(Data extracts)
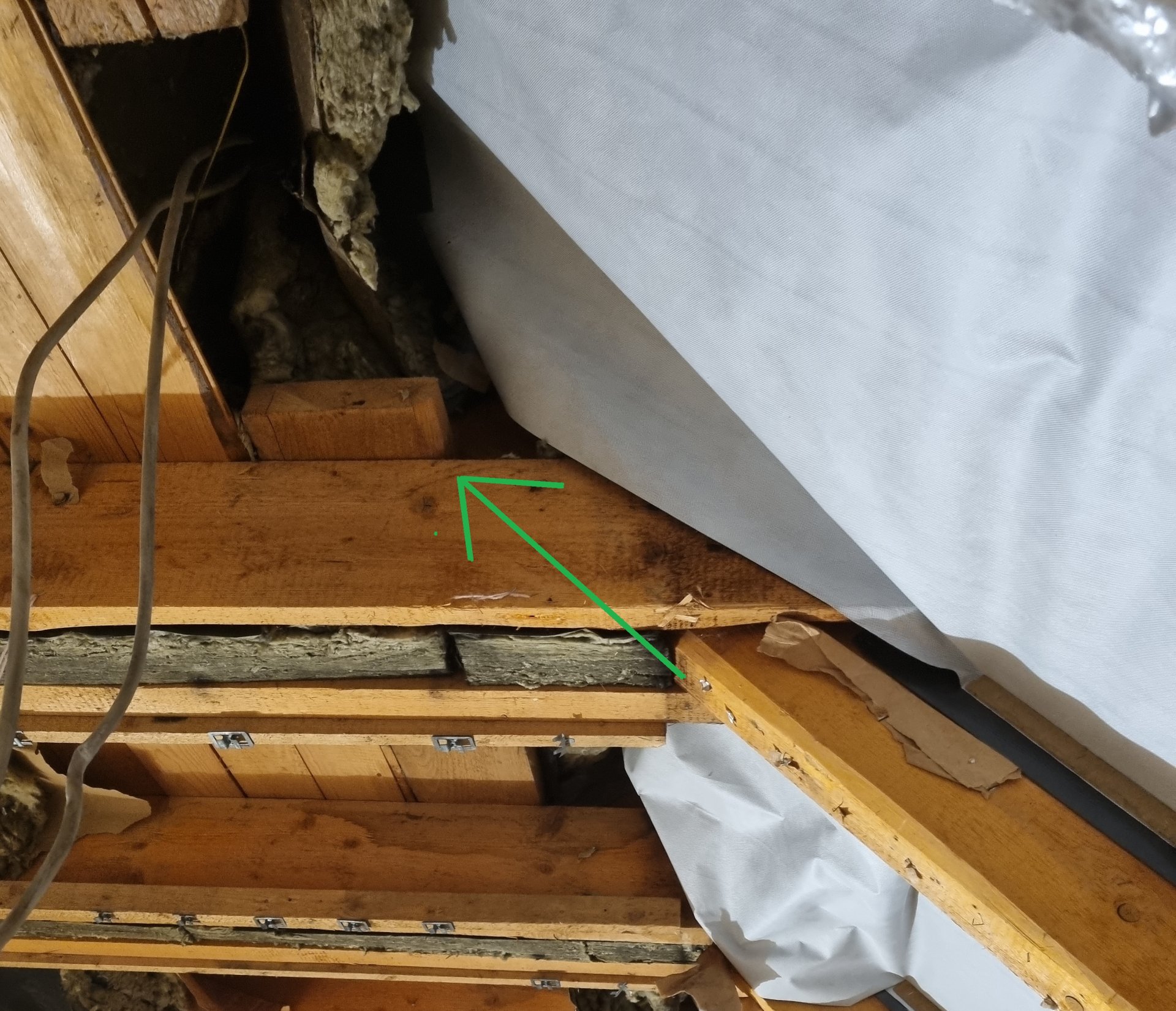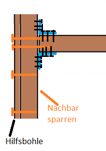 Wie bereits im vorherigen Post geschrieben, habe ich überlegt eine Bohle als Sparrenverstärkung auf der Außenseite des Wechsels anzulaschen (siehe nächstes Bild). Diese würden die Sparren von oben bis unten verstärken. Ich sehe bei der Lösung mit dem Hilfsparren immernoch eine Überlastung des benachbarten Sparren am unteren Wechsel, denn die Kraft/das Moment geht nicht wieder 1:1 in den "alten" Sparren zurück und belasten damit die benachbarten Sparren. Wäre die angelaschte Bohle eine Alternative zum Hilfssparren?
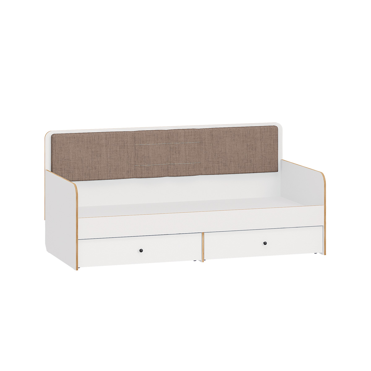 Мягкая накладка на изголовье обтянута рогожкой Саванна Латте, карманы отделаны экокожей Гранд Белый
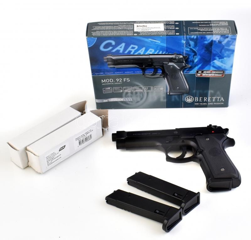 Beretta Mod. 92 FS rugós airsoft pisztoly, eredeti dobozában, leírással, újszerű állapotban + 2 db hozzá való ASG M92FS rugós tár + 6 mm 0,12 g BB lövedék, 1000 db
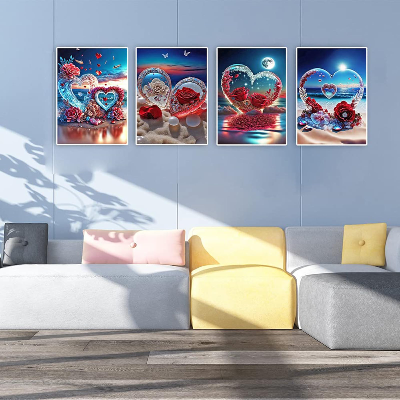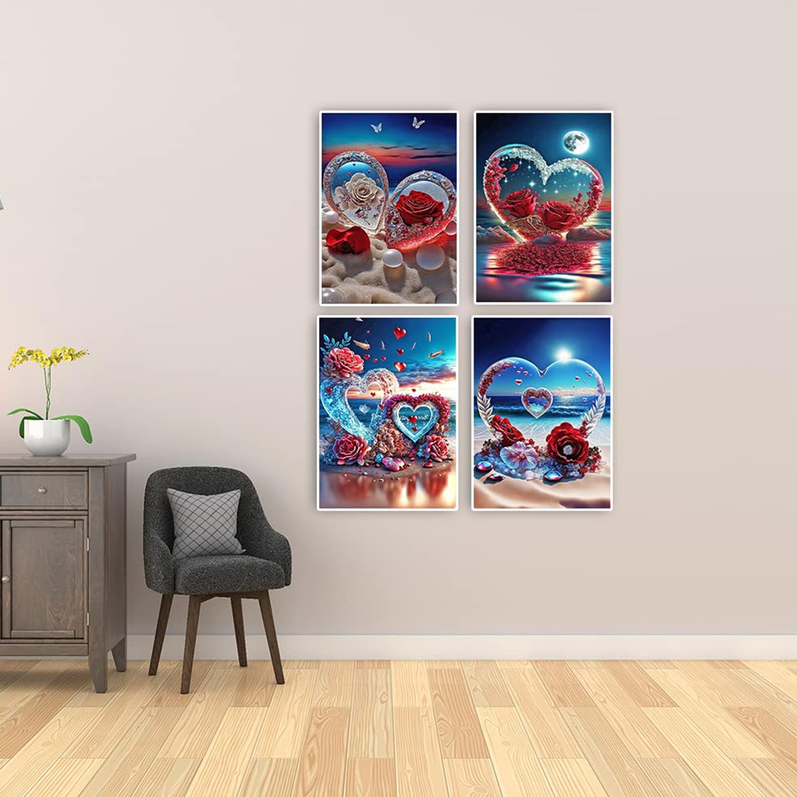 JISHSHAY ダイヤモンドアート キット 4枚セット 30x40cm ダイヤモンドアート バラ ビーズアート ダイヤモンドアート ビーチ ダイヤモンドペインティング ロマンチックな心 ダイヤモンドアート ガラスビーズ 手芸キット ビーズアート 上級者 ダイヤモンドアート 月
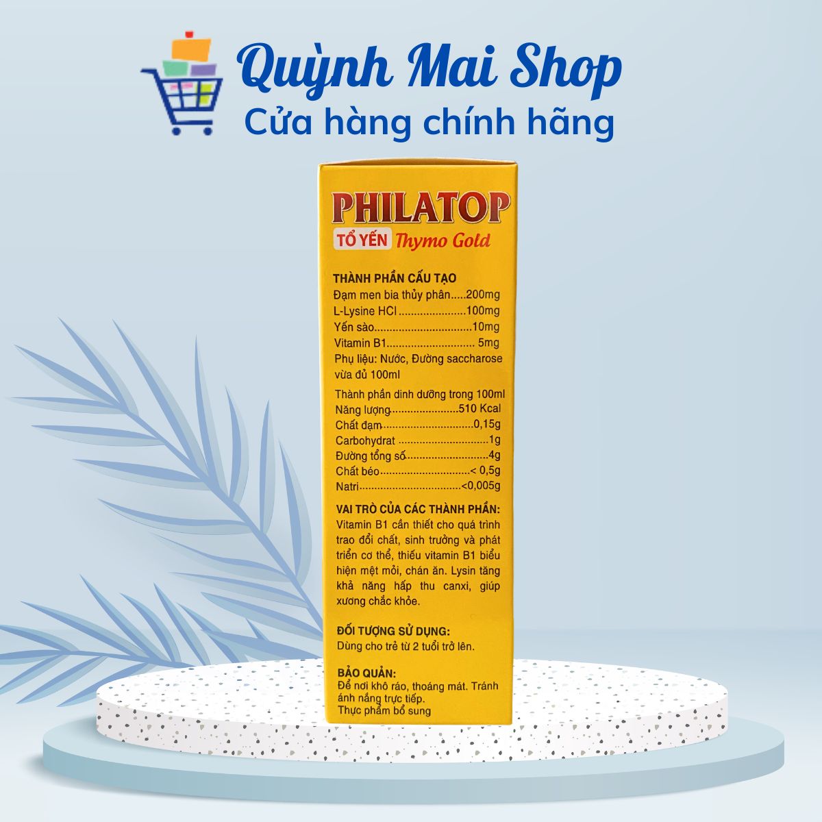 L-Lysine HCI … 100mgYến sào ... 10mgVitamin B1 … 5mgPhụ liệu: Nước, Đường saccharose vừa đủ 100mlThành phần dinh dưỡng trong 100mlNăng lượng ... 510 KcalChất đạm ... 0,15gCarbohydrat … 1gĐường tổng số ... 4gChất béo ... < 0,5gNatri … <0,005g
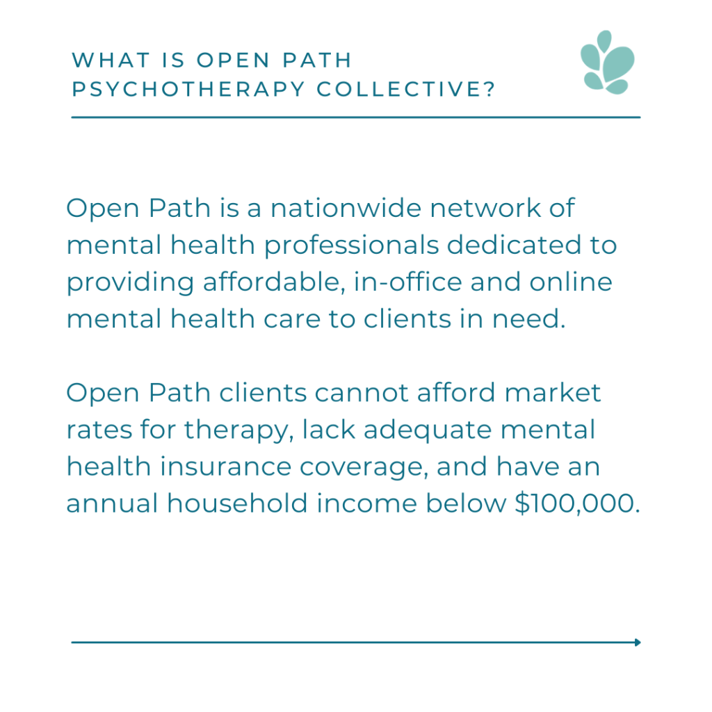 Open path is another option to receive therapy services at Samantha Joy Counseling, but not at the private pay rates listed in the FAQs & Rates section. If you are eligible on Open Path you can have the opportunity to access low-cost therapy. Click on my Open Path Page for more information!
(End Data extracts)
- _Try it_: Every entry is to be reproduced word for word, and no image is carried over.

- _Answer to the exercise_:
 Wie bereits im vorherigen Post geschrieben, habe ich überlegt eine Bohle als Sparrenverstärkung auf der Außenseite des Wechsels anzulaschen (siehe nächstes Bild). Diese würden die Sparren von oben bis unten verstärken. Ich sehe bei der Lösung mit dem Hilfsparren immernoch eine Überlastung des benachbarten Sparren am unteren Wechsel, denn die Kraft/das Moment geht nicht wieder 1:1 in den "alten" Sparren zurück und belasten damit die benachbarten Sparren. Wäre die angelaschte Bohle eine Alternative zum Hilfssparren?
 Мягкая накладка на изголовье обтянута рогожкой Саванна Латте, карманы отделаны экокожей Гранд Белый
 Beretta Mod. 92 FS rugós airsoft pisztoly, eredeti dobozában, leírással, újszerű állapotban + 2 db hozzá való ASG M92FS rugós tár + 6 mm 0,12 g BB lövedék, 1000 db
 JISHSHAY ダイヤモンドアート キット 4枚セット 30x40cm ダイヤモンドアート バラ ビーズアート ダイヤモンドアート ビーチ ダイヤモンドペインティング ロマンチックな心 ダイヤモンドアート ガラスビーズ 手芸キット ビーズアート 上級者 ダイヤモンドアート 月
 L-Lysine HCI … 100mgYến sào ... 10mgVitamin B1 … 5mgPhụ liệu: Nước, Đường saccharose vừa đủ 100mlThành phần dinh dưỡng trong 100mlNăng lượng ... 510 KcalChất đạm ... 0,15gCarbohydrat … 1gĐường tổng số ... 4gChất béo ... < 0,5gNatri … <0,005g
 Open path is another option to receive therapy services at Samantha Joy Counseling, but not at the private pay rates listed in the FAQs & Rates section. If you are eligible on Open Path you can have the opportunity to access low-cost therapy. Click on my Open Path Page for more information!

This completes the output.